### Available data
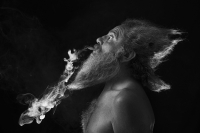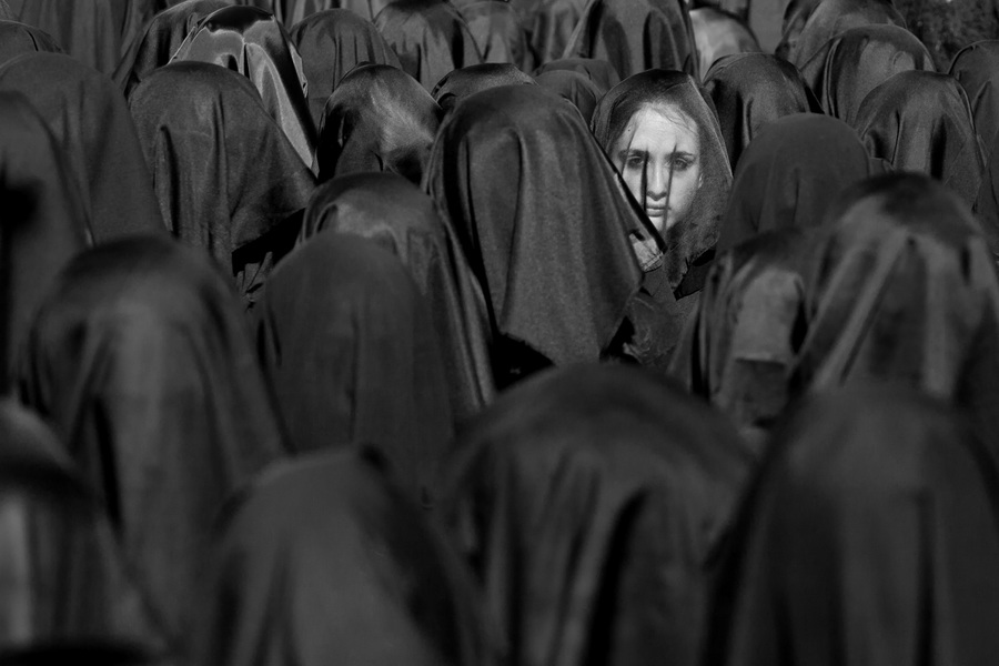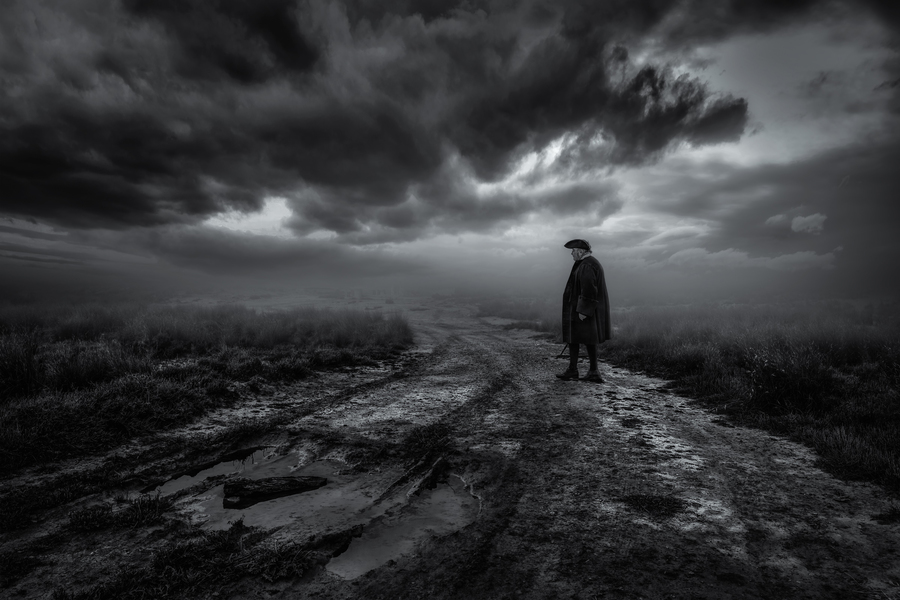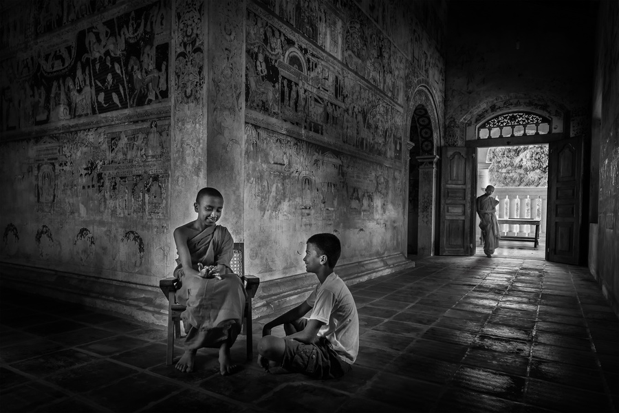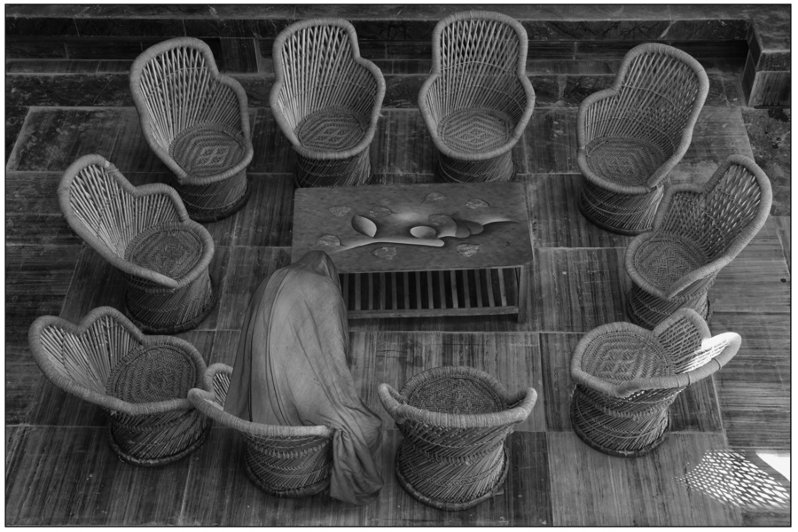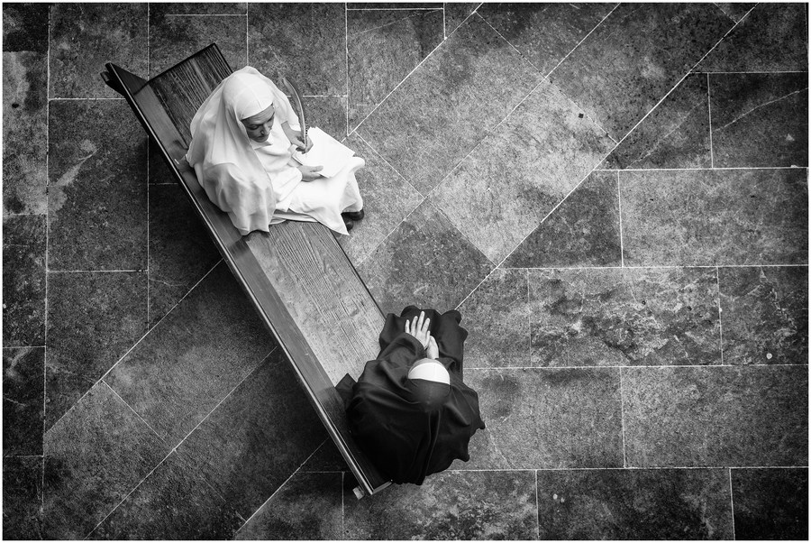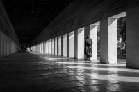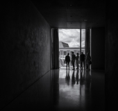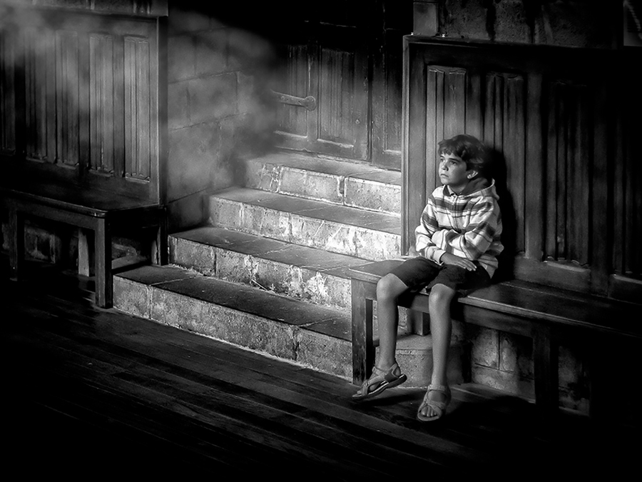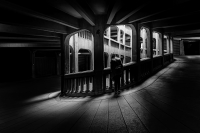 A monk in a tunnel of shadows
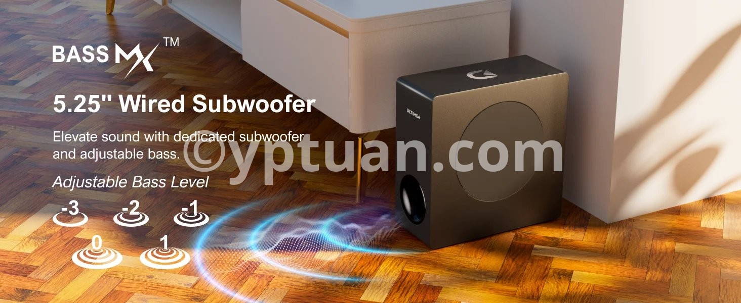 - Elevate your audio with 3 EQ modes designed for music, movies, and games. Ultimea exclusive BassMX technology enriches the low frequencies, enabling adjustable bass for a rumble, pulse-pounding Bass. All of these modes are easily accessible with a touch of a button on the EQ settings.
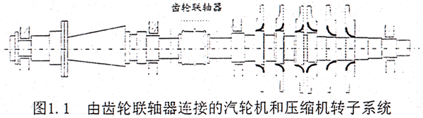 以往在對軸承一轉(zhuǎn)子系統(tǒng)進行動力學(xué)分析的過程中,對于構(gòu)成系統(tǒng)的一些典型部件,如轉(zhuǎn)子、支承軸承、密封以及基礎(chǔ)都作過較深入的研究,但對于聯(lián)軸器耦合效應(yīng)的討論卻不多。直觀地講,多跨轉(zhuǎn)子正是依賴多個聯(lián)軸器才得以構(gòu)成大型系統(tǒng)的,因此更確切地講對于大型的多跨(或分跨)轉(zhuǎn)子系統(tǒng)可以稱為軸承—轉(zhuǎn)子—聯(lián)軸器系統(tǒng)。以大型的汽輪發(fā)電機組和壓縮機組為例,汽輪發(fā)電機組在低壓轉(zhuǎn)子、發(fā)電機轉(zhuǎn)子以及勵磁機轉(zhuǎn)子間均采用了剛性或半撓性聯(lián)軸器結(jié)構(gòu);對于壓縮機組,在壓縮機轉(zhuǎn)子和驅(qū)動設(shè)備如驅(qū)動汽輪機轉(zhuǎn)子或電機轉(zhuǎn)子之間也要采用不同形式的聯(lián)軸器。圖1.1所示是一透平壓縮機組的簡圖,為一典型的軸承—轉(zhuǎn)子—齒輪聯(lián)軸器系統(tǒng),整體系統(tǒng)由一個CL型的齒輪聯(lián)軸器將汽輪機轉(zhuǎn)了和壓縮機主軸連接組成。
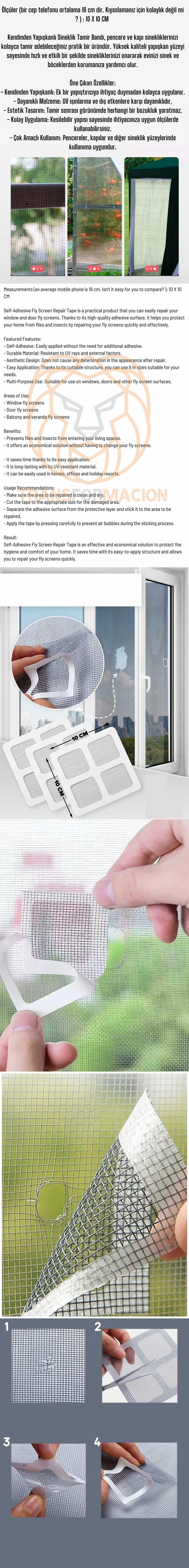 Kendinden Yapışkanlı Sineklik Tamir Bandı, pencere ve kapı sinekliklerinizi kolayca tamir edebileceğiniz pratik bir üründür. Yüksek kaliteli yapışkan yüzeyi sayesinde hızlı ve etkili bir şekilde sinekliklerinizi onararak evinizi sinek ve böceklerden korumanıza yardımcı olur.
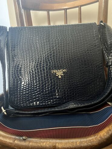 Prada çanta - heç bir defekti yoxdur. Şəkildən də göründüyü kimi içərisində 6 cibi, çöl hissəsində isə 1 cibi var. Çöldəki cib və içəridəki 2 cib zamokludur. İri həcmli çantadır, tutumu çoxdur. Qiymət 15 manat yox 10 manat olacaq.

### Goal of the exercise
Restate all entries above exactly, but not the images.

### Task answer
 A monk in a tunnel of shadows
 - Elevate your audio with 3 EQ modes designed for music, movies, and games. Ultimea exclusive BassMX technology enriches the low frequencies, enabling adjustable bass for a rumble, pulse-pounding Bass. All of these modes are easily accessible with a touch of a button on the EQ settings.
 以往在對軸承一轉(zhuǎn)子系統(tǒng)進行動力學(xué)分析的過程中,對于構(gòu)成系統(tǒng)的一些典型部件,如轉(zhuǎn)子、支承軸承、密封以及基礎(chǔ)都作過較深入的研究,但對于聯(lián)軸器耦合效應(yīng)的討論卻不多。直觀地講,多跨轉(zhuǎn)子正是依賴多個聯(lián)軸器才得以構(gòu)成大型系統(tǒng)的,因此更確切地講對于大型的多跨(或分跨)轉(zhuǎn)子系統(tǒng)可以稱為軸承—轉(zhuǎn)子—聯(lián)軸器系統(tǒng)。以大型的汽輪發(fā)電機組和壓縮機組為例,汽輪發(fā)電機組在低壓轉(zhuǎn)子、發(fā)電機轉(zhuǎn)子以及勵磁機轉(zhuǎn)子間均采用了剛性或半撓性聯(lián)軸器結(jié)構(gòu);對于壓縮機組,在壓縮機轉(zhuǎn)子和驅(qū)動設(shè)備如驅(qū)動汽輪機轉(zhuǎn)子或電機轉(zhuǎn)子之間也要采用不同形式的聯(lián)軸器。圖1.1所示是一透平壓縮機組的簡圖,為一典型的軸承—轉(zhuǎn)子—齒輪聯(lián)軸器系統(tǒng),整體系統(tǒng)由一個CL型的齒輪聯(lián)軸器將汽輪機轉(zhuǎn)了和壓縮機主軸連接組成。
 Kendinden Yapışkanlı Sineklik Tamir Bandı, pencere ve kapı sinekliklerinizi kolayca tamir edebileceğiniz pratik bir üründür. Yüksek kaliteli yapışkan yüzeyi sayesinde hızlı ve etkili bir şekilde sinekliklerinizi onararak evinizi sinek ve böceklerden korumanıza yardımcı olur.
 Prada çanta - heç bir defekti yoxdur. Şəkildən də göründüyü kimi içərisində 6 cibi, çöl hissəsində isə 1 cibi var. Çöldəki cib və içəridəki 2 cib zamokludur. İri həcmli çantadır, tutumu çoxdur. Qiymət 15 manat yox 10 manat olacaq.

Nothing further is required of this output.